La cosa strana è che i retailer italiani predicano ossessivamente la rilevanza strategica del prezzo, ma rifiutano di tradurla in veri strumenti di controllo reciproco, come per esempio il “saving catcher” di Walmart o la “liste des vos courses” di Super U. Il primo strumento nasce dalla rilevazione sistematica dei prezzi comparabili dei concorrenti in ogni location e dal sistema di rimborso automatico sulla Walmart Credit Card dei clienti delle varie differenze negative di prezzo rispetto a quelli del “gigante di Bentonville”. In questo modo la retaliation di Walmart azzera ogni differenziale competitivo a proprio sfavore, ribadendo il proprio ruolo di “price setter” da non sfidare. Il secondo strumento, molto più semplice, consiste nel memorizzare e rendere disponibile per ogni possessore di una card familiare di Super U il tracciato delle spese fatte. Questo evita la fatica di tenere gli scontrini e di sommarli (pratica adottata solo da una minoranza veramente ristretta di clienti) per controllare l’effettivo risparmio complessivo. Si tratta di una soluzione adottata, peraltro, anche da Amazon.

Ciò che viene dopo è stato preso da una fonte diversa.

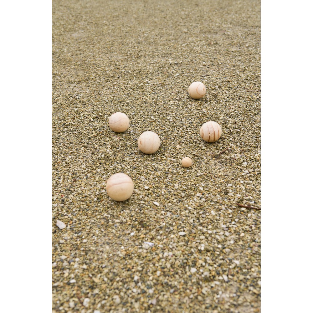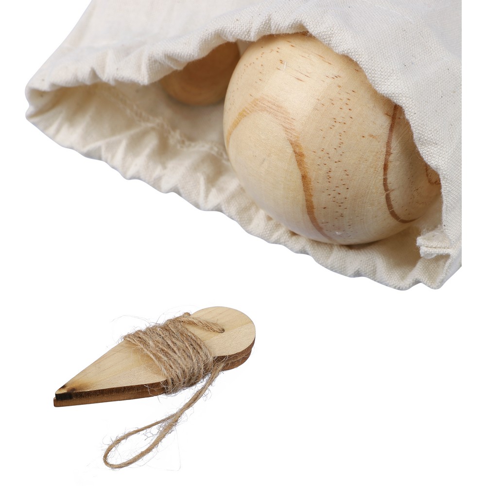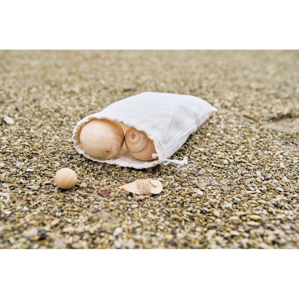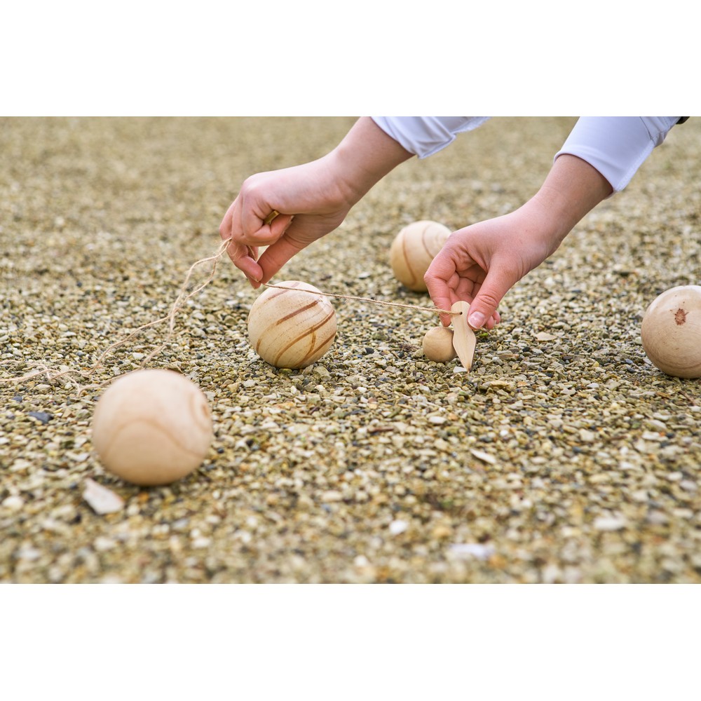 Gra zręcznościowa, zawierająca 6 kulek (po 7 cm każda) oraz 1 mniejszą kulkę (2 cm), w komplecie znajduje się również lina, całość jest zapakowana w bawełniany worek ze ściągaczem, odpowiednia dla 4-6 graczy, rozwija zręczność, produkt wykonany z drewna
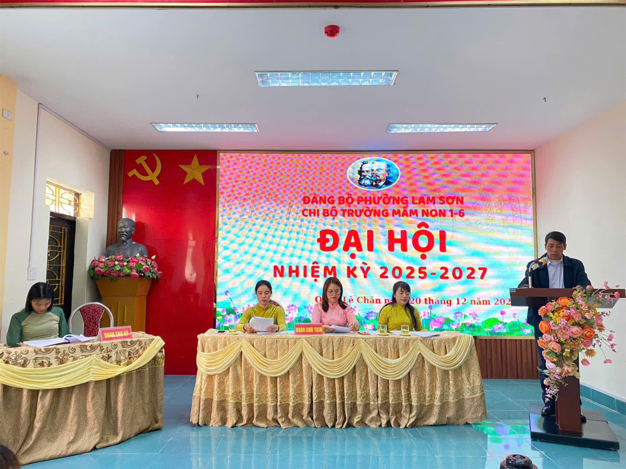 Thực hiện sự chỉ đạo, hướng dẫn tổ chức Đại hội các chi bộ trực thuộc của Đảng bộ phường Lam Sơn nhiệm kỳ 2025-2027, sáng ngày 20/12/2024, Chi bộ trường mầm non 1-6 đã long trọng tổ chức Đại hội Chi bộ nhiệm kỳ 2025-2027. Đến dự và chỉ đạo Đại hội có đồng chí Đặng Văn Điểu - Bí thư Phường Lam Sơn và toàn thể các đồng chí Đảng viên của Chi bộ.
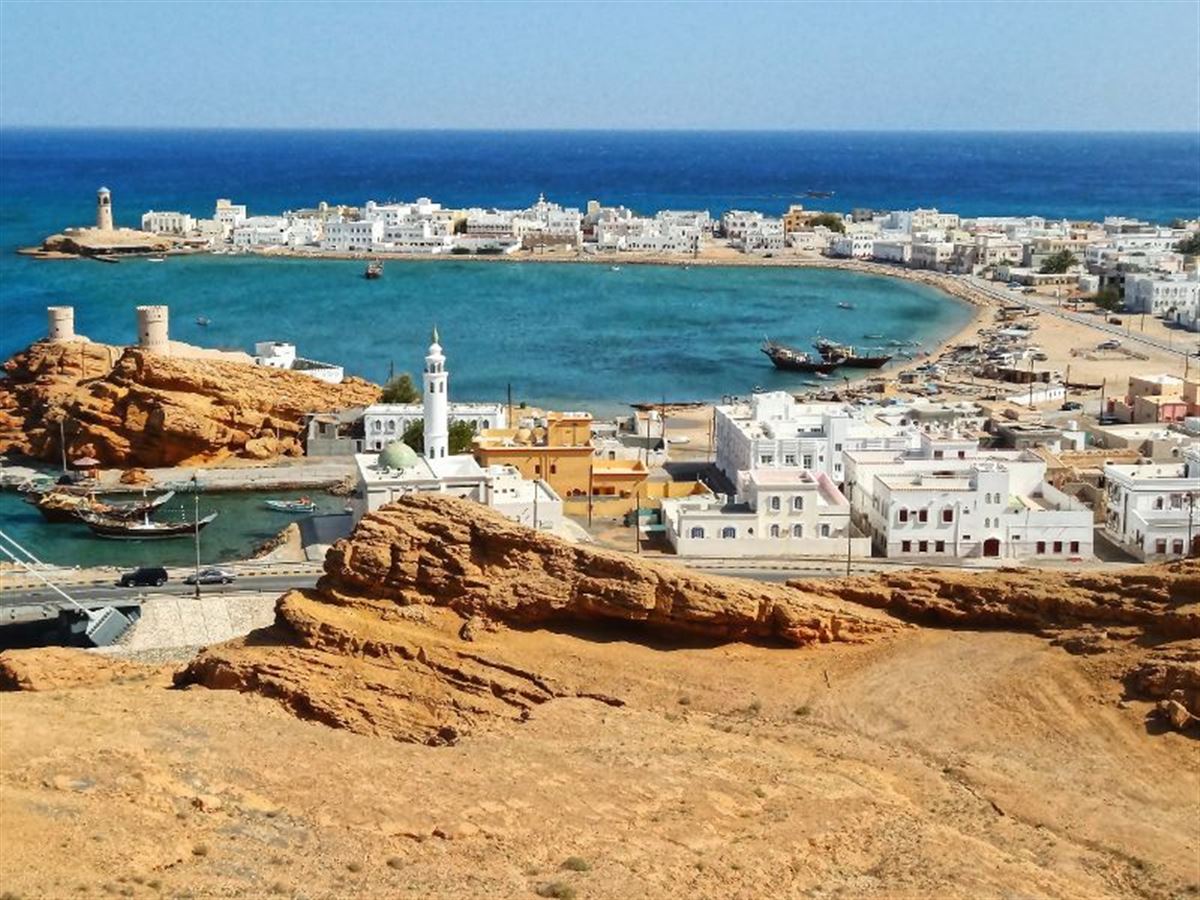 Fahrt in die Hafenstadt Sur, einst Omans bedeutendster Ostafrika-Hafen, die aber mit Abschaffung des Sklavenhandels und dem Untergang der Schiffsflotte zunehmend an Bedeutung verlor. Besichtigung einer Dhau-Werft (die Boote werden immer noch im althergebrachten Holzstil gebaut) und des Fischmarktes. Anschließend das Wadi Shab mit Plantagen, wir überqueren das Wadi mit kleinen Booten. Das Mittagessen in einem lokalen Restaurant. Nach einem Halt am Bima Sinkhole geht es weiter zum Wadi Arbyn und dann entlang der Küste über Quriat nach Muscat. (330 km)
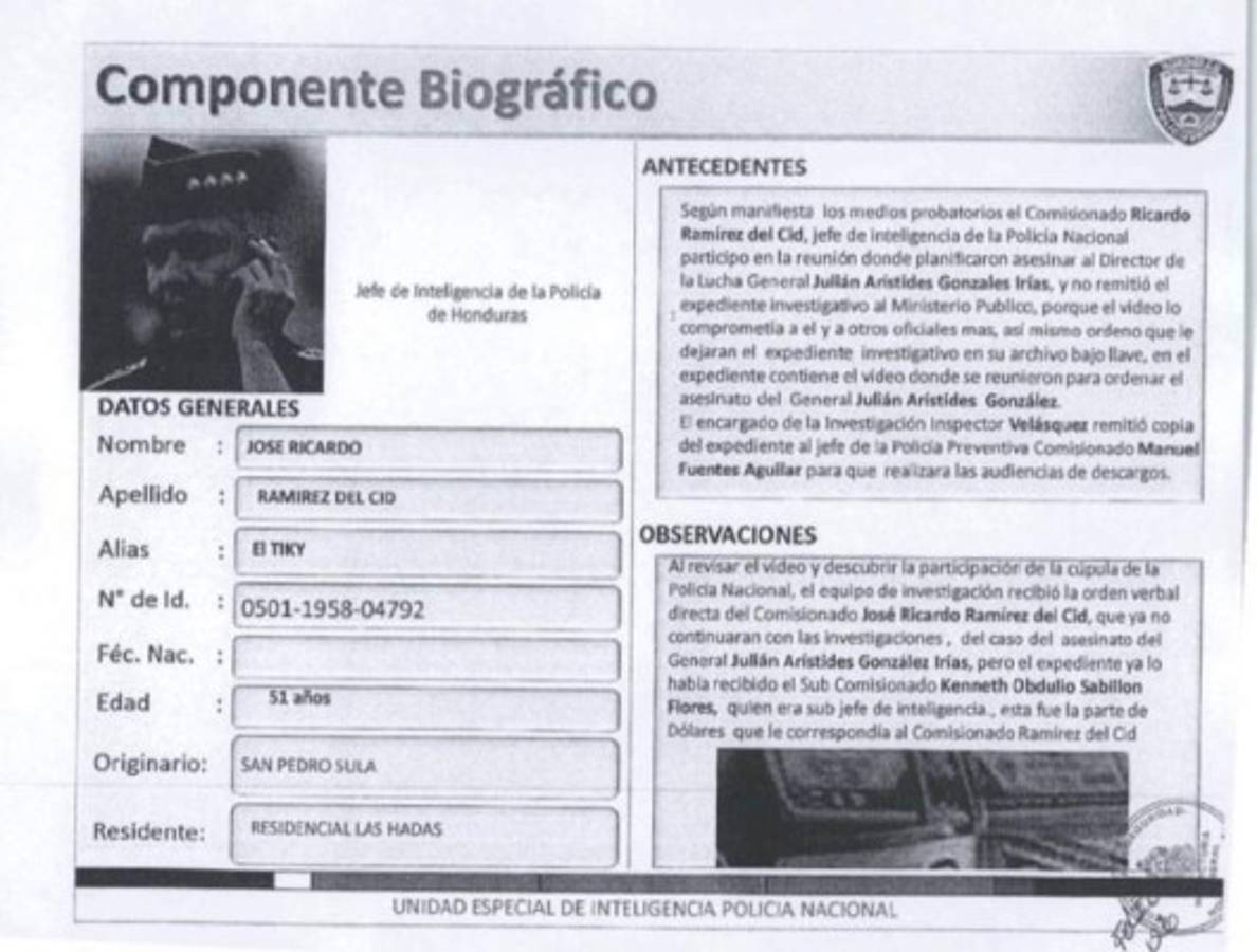 Según manifiestan los medios probatorios, el comisionado Ricardo Ramírez del Cid, jefe de Inteligencia de la Policía Nacional, participó en la reunión donde planificaron asesinar al director de Lucha general Julián Arístides González Irías y no remitió el expediente investigativo al Ministerio Público, porque el video lo comprometía a él y a otros oficiales más; asimismo, ordenó que le dejaran el expediente investigativo en su archivo bajo llave, en el expediente contiene el video donde se reunieron para ordenar el asesinato del general Julián Arístides González.
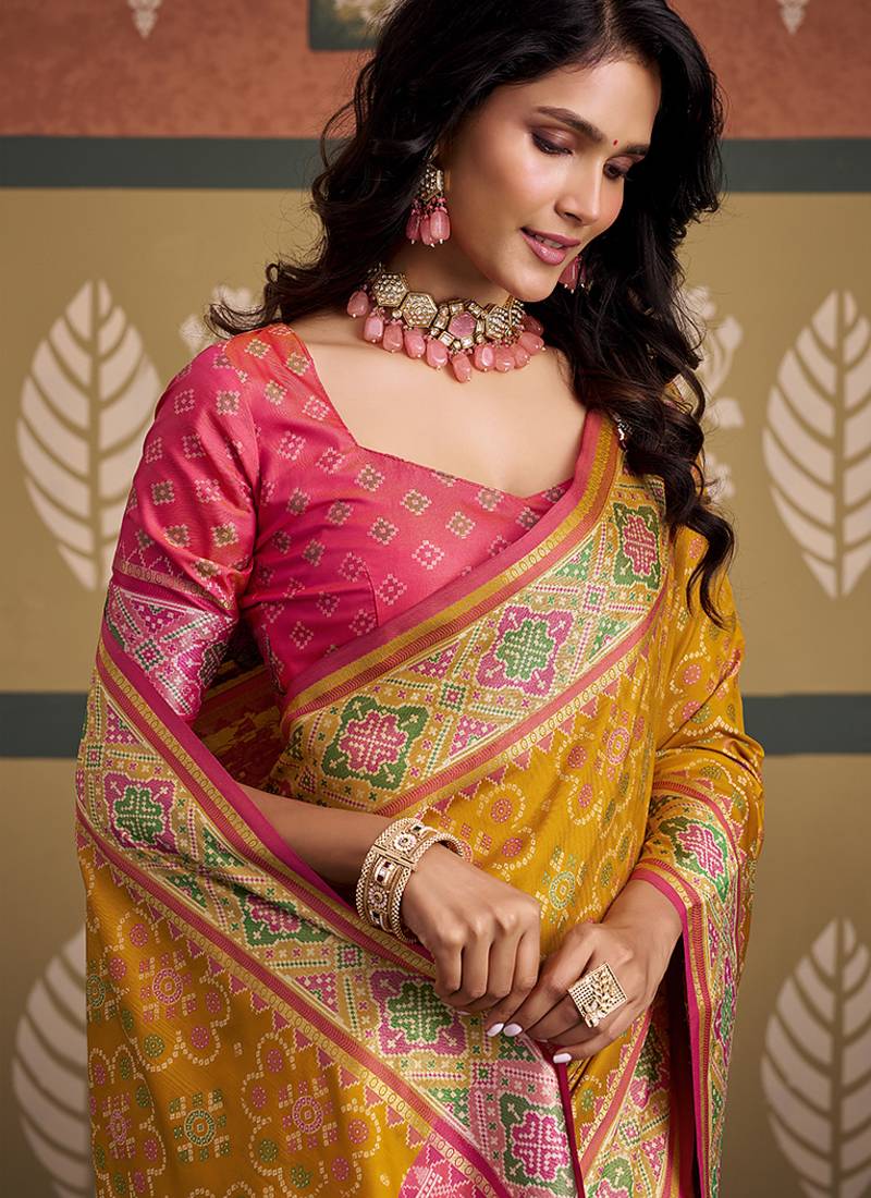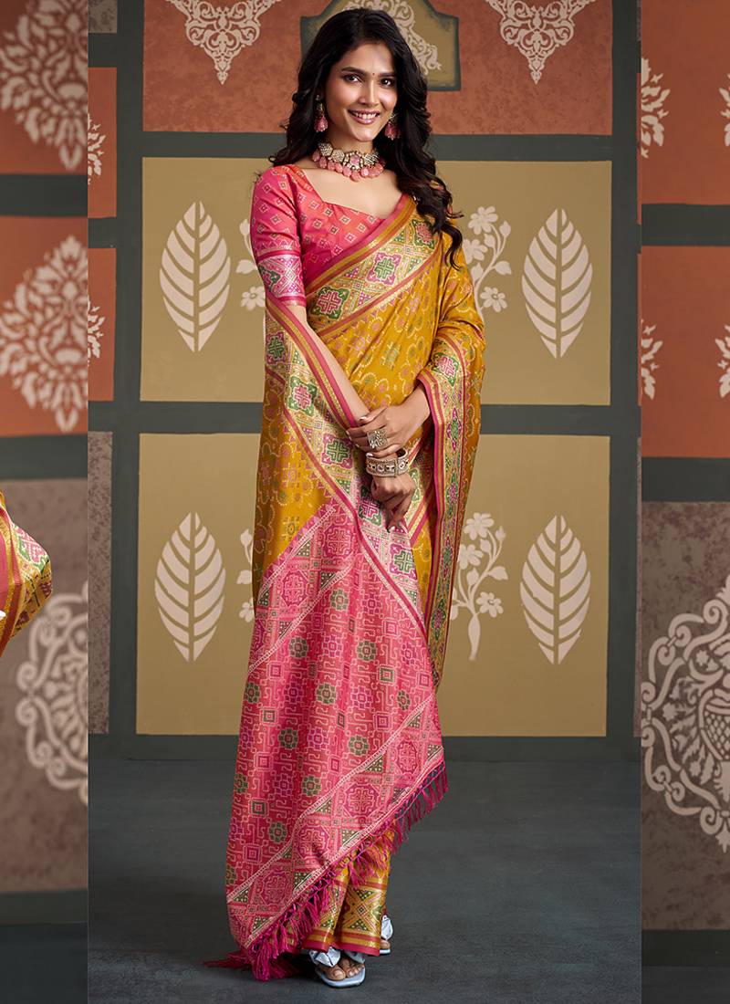Yellow patola silk party wear saree

Tuttavia, questi esempi non sembrano interessare le insegne italiane. Da un lato c’è chi sembra ineluttabilmente legato alle promozioni hi-lo e chi ritiene (sbagliando) che il diminuire l’asimmetria informativa a sfavore dei propri clienti possa renderlo più vulnerabile agli attacchi della concorrenza. Dall’altro, c’è chi, come Unes-U2, ha adottato la politica dell’edlp (every day low price), ma non si è dotato degli strumenti che potrebbero dimostrare (analogamente a Super U) come, nel medio periodo, i propri prezzi stabili risultino più convenienti delle promozioni profonde ma saltuarie degli altri, evitando peraltro di condizionare la scelta del cliente. Il risultato è che nel nostro paese l’offerta di ogni insegna è più o meno analoga a quella dei concorrenti. Il sistema distributivo non è ancora gerarchicamente strutturato tra chi segue logiche del prezzo e chi si propone come specialista nella qualità e nel servizio.

Ne discende pertanto un’inefficienza complessiva che va a scapito delle scelte della clientela, ma anche di una concorrenza basata su distinzioni più chiare.

In conclusione, nella nostra middletown, così come in altre situazioni analoghe, il mutamento graduale delle scelte individuali, indotto dai primi outsider che stanno cambiando le regole del gioco, preme sempre più forte sullo status quo e prelude a un radicale, abbastanza imminente, riassetto dell’arena competitiva che varrà la pena di seguire attentamente.

LA RILEVANZA STRATEGICA DEL PREZZO MISURATO

I retailer italiani predicano la rilevanza strategica del prezzo, ma rifiutano di tradurla in veri strumenti di controllo reciproco, come per esempio il “saving catcher” di Walmart. La soluzione consiste nel mettere in grado ogni cliente, dotato di un’applicazione scaricabile sul proprio smartphone da savingscatcher. walmart.com, di sottoporre ad analisi il proprio scontrino, attivando un confronto con i prezzi pagati in Walmart rispetto a quelli praticati dai concorrenti in zona (con alcune limitazioni). La rilevazione sistematica dei prezzi comparabili dei concorrenti in ogni location e il sistema di rimborso automatico sulla Walmart Credit Card dei clienti delle varie differenze negative di prezzo rispetto a quelli del “gigante di Bentonville” azzera ogni differenziale competitivo a proprio sfavore, ribadendo il proprio ruolo di “price setter” da non sfidare.